Jan and husband Jesse were characters who genuinely loved one another and were partners for the long haul through the rebellious-child parenting years and grandparenting years. I hadn’t seen Jan for years, but Jesse was right when he remarked at the open-casket wake on Thursday evening, “She looks like she’s sleeping.”
Yesterday’s funeral service was a beautiful tribute to Jan. Her Lutheran church in south Minneapolis was filled with people who knew and loved her. Family photos had been edited together onto a DVD along with a musical soundtrack that chronicled her life. Jan was known for her shelves of photo albums, a habit passed on to her daughters.
Jesse and Jan were married for 51 years and right through to laying her to rest Jesse gave her everything she ever wanted and needed. Bless both of them.

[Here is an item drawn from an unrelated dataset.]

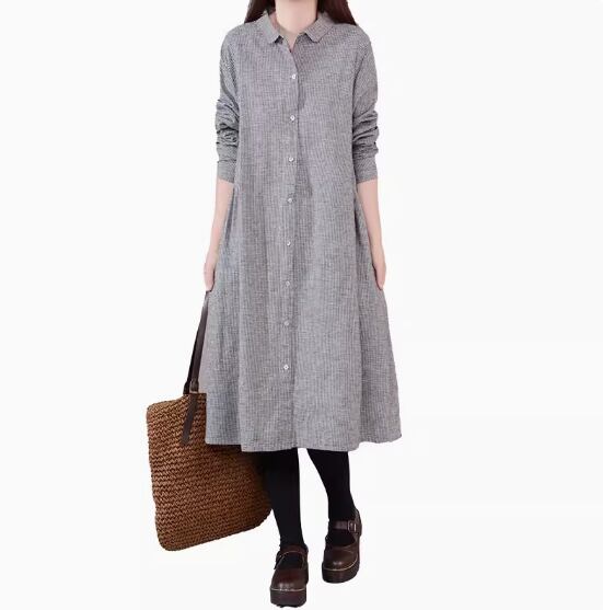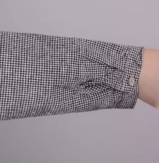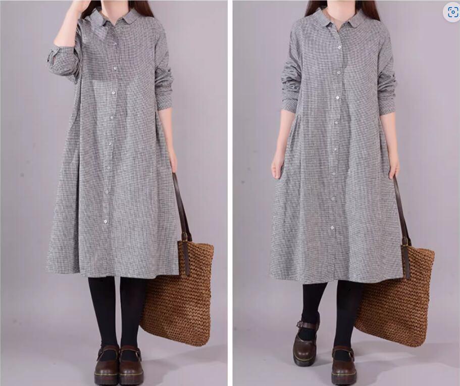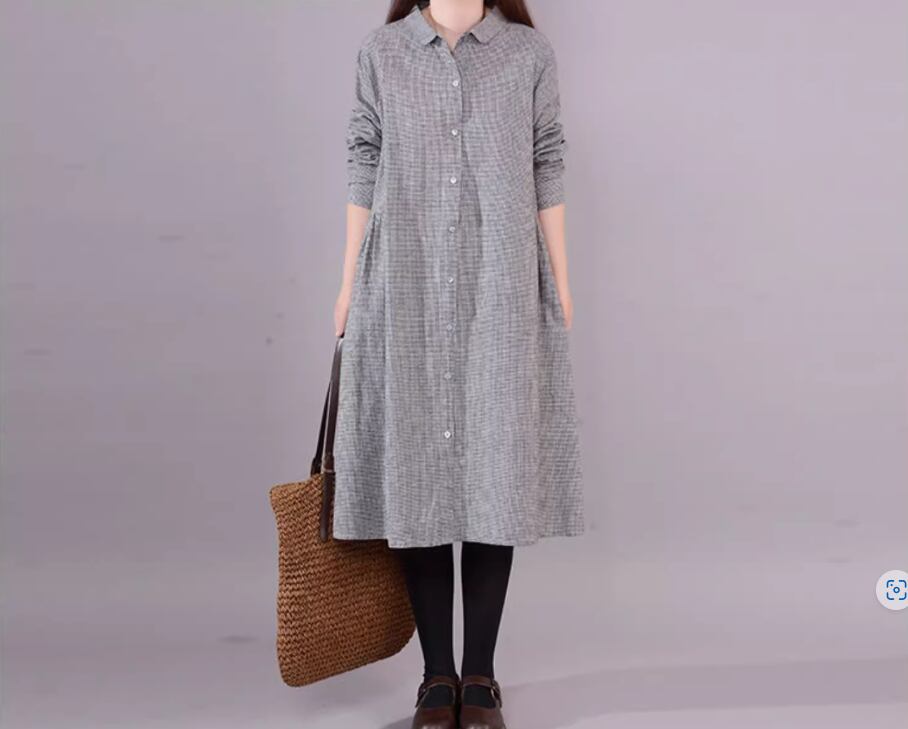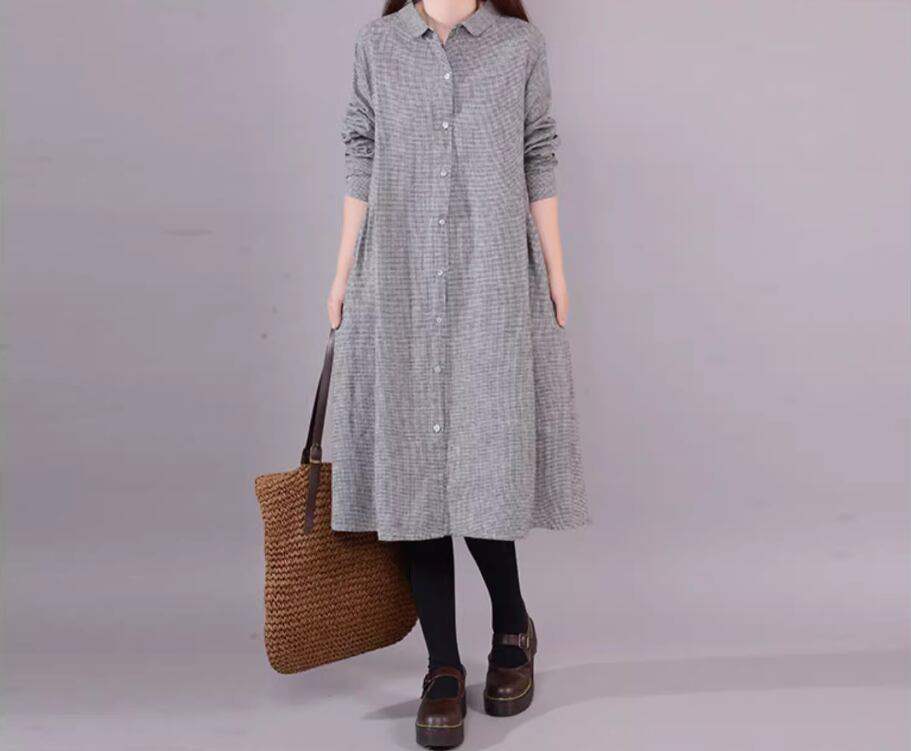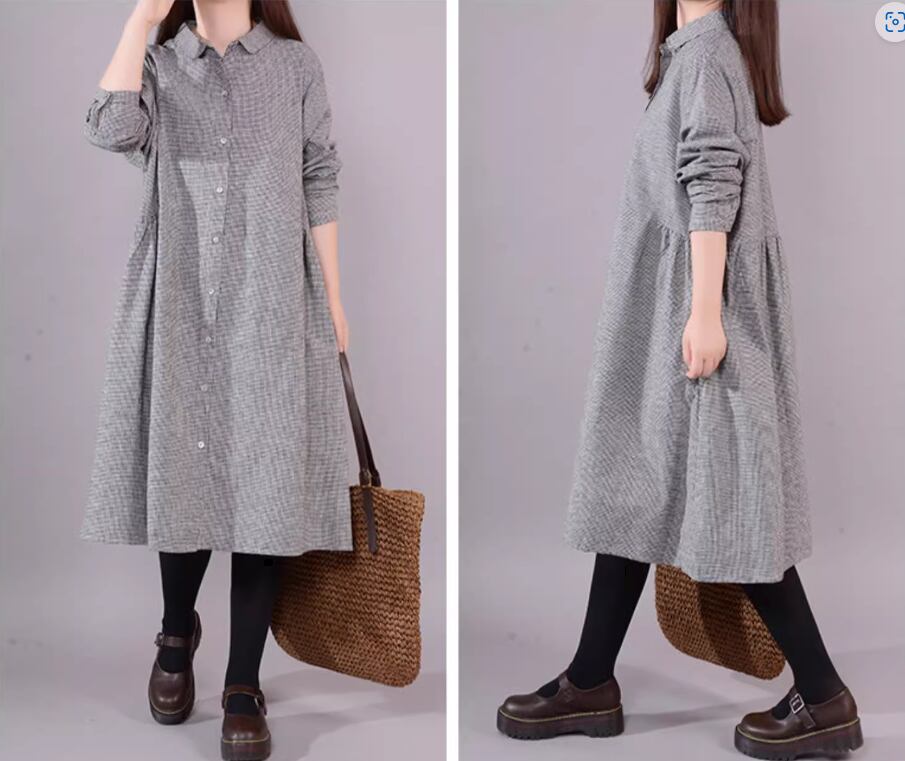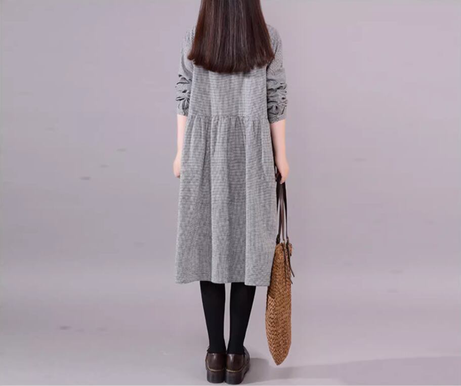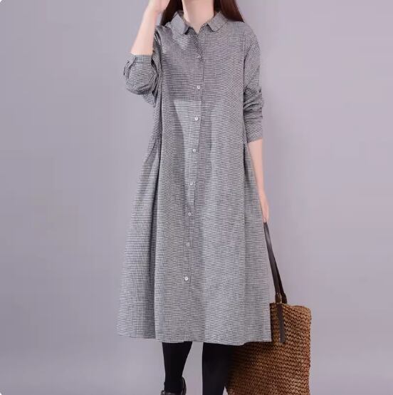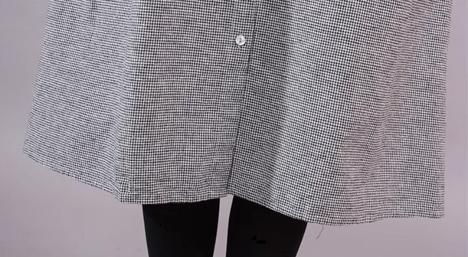 細ギンガムチェック柄シャツワンピース ひざ丈 袖あり 長袖 襟付き Aライン 切り替えデザイン ポケット かわいい 大人可愛い カジュアル おしゃれ お洒落 ガーリー チェック柄 春 秋 10代 20代 30代 レディース 女性用 デート お出かけ 休日 着回し 普段使い 重ね着 楽ちん M L XL 2XL 黒 ブラック

My heart ached during the service to see Sandy’s heart so obviously broken. The relationship between a mother and a daughter is a strong, complex bond. I find funerals to be sad and frightening, as I empathize with the bereaved and yet pray that I am not in those front pews anytime soon. Of course I will not be spared, nor will people who love me. However, believing there is something else – another existence - beyond this life takes the sting from those thoughts. Realizing, however, that we will not have our loved one with us in this life is the stuff for keening.
Friends and family are so important and we need to lean on each other in times like these. We should try to get together for occasions other than weddings and funerals.